A NEW ORLEANS TRIBUNE EDITORIAL

Mayor LaToya Cantrell says there was nothing impromptu or secretive about the trip she and roughly three dozen others took to Havana, Cuba in early April, adding that the seeds of the journey were planted in the fall of 2018 after she met with Cuba’s ambassador José Ramón Cabañas Rodríguez and other leaders from the island nation.
“They sent a delegation to New Orleans to meet and discuss opportunities surrounding a sister city partnership,” the Mayor told The New Orleans Tribune in a telephone interview shortly after returning from Cuba. “That started the process.”
Economic development opportunities between the city and Cuba topped the list of relevant reasons for her visit.
Members of the delegation included representatives from the Port of New Orleans and the New Orleans Business Alliance, Cantrell says.
Members of the New Orleans delegation visited the Mariel Port Special Development Zone, which features a container terminal, general cargo, bulk and refrigerated handling and storage facilities. According to the itinerary the Mariel Zone is “ideally situated to handle U.S. cargo when the U.S. trade embargo is eventually.”

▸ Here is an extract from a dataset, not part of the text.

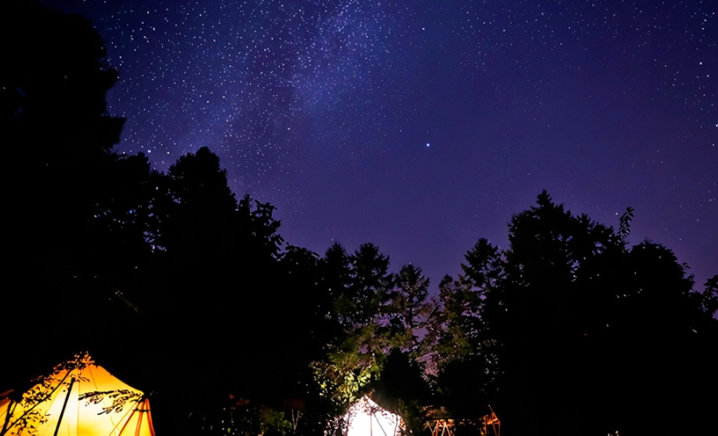 日が暮れたあとはアウトドアチェアに腰掛け、澄んだ空気のなかで満天の星空を見上げる静かな時間が待っています。走って遊ぶ時間とただ寄り添って空を眺める時間。グランピングならそのどちらも味わえます。

“Before the embargo, New Orleans was Cuba’s top trade partner,” Cantrell says. “It’s not a matter of if, but when the embargo is lifted, we need to be ready to resume and expand that relationship.”
The Visit to Cuba
In addition to the Mariel Port Zone, points of interest during the nearly week-long trip also included a cultural tour of old Havana, a visit to the Muraleando neighborhood in Havana to see first hand how a public art project has transformed an entire community, a trip to a primary school, another to the Literacy Museum, and still another to the University of Havana, where students must buy their books, but tuition is free.
“What struck me, from the perspective of culture and community, were the number of statues that honored the contributions and impact of Afro-Cubans. All people who contributed so much to the history and development of the island nation are publicly honored and recognized,” said Tribune publisher Beverly McKenna, who was part of the delegation. “These were major monuments, not just statues hidden in obscure places. As some in New Orleans continue to wrangle with how we reconcile and pay homage to our own history in a way that is both accurate and honorable, I think we would do well to take a look at how the Cuban people have honored their nation’s true heroes and revolutionaries.”

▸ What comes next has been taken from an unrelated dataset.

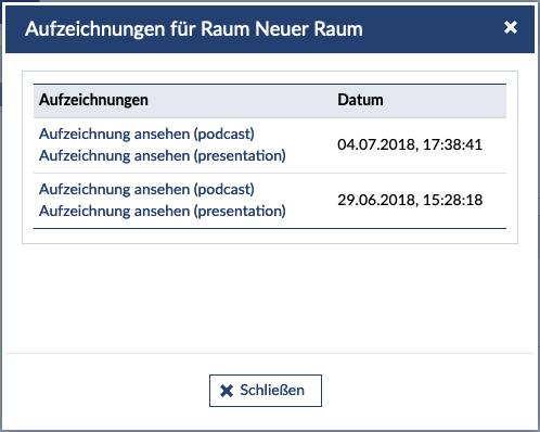 Es werden alle vorhandenen Aufzeichnungen aufgelistet. Aufzeichnungen können direkt von hieraus abgespielt werden. Lehrende haben die Möglichkeit Aufzeichnungen zu löschen.

Then, there was the visit to the Latin American School of Medicine, where Cantrell says the community-based, holistic approach to medicine is a definite take-away for New Orleans. A part of that model includes actively recruiting students from low-income, marginalized communities who will go back to practice medicine in the communities from which they came, she says, adding that she was especially interested in exploring Cuba’s community-based healthcare model.
“We have to change perceptions of how healthcare is administered. I would love to engage the medical community driving to meet the needs of our people—not just with empathy and compassion, but with direct services.”
For those who scoff at the notion that Cuba has anything to teach New Orleans about healthcare delivery or anything else for that matter, Cantrell reminds that glaring disparities exist in New Orleans and throughout the nation.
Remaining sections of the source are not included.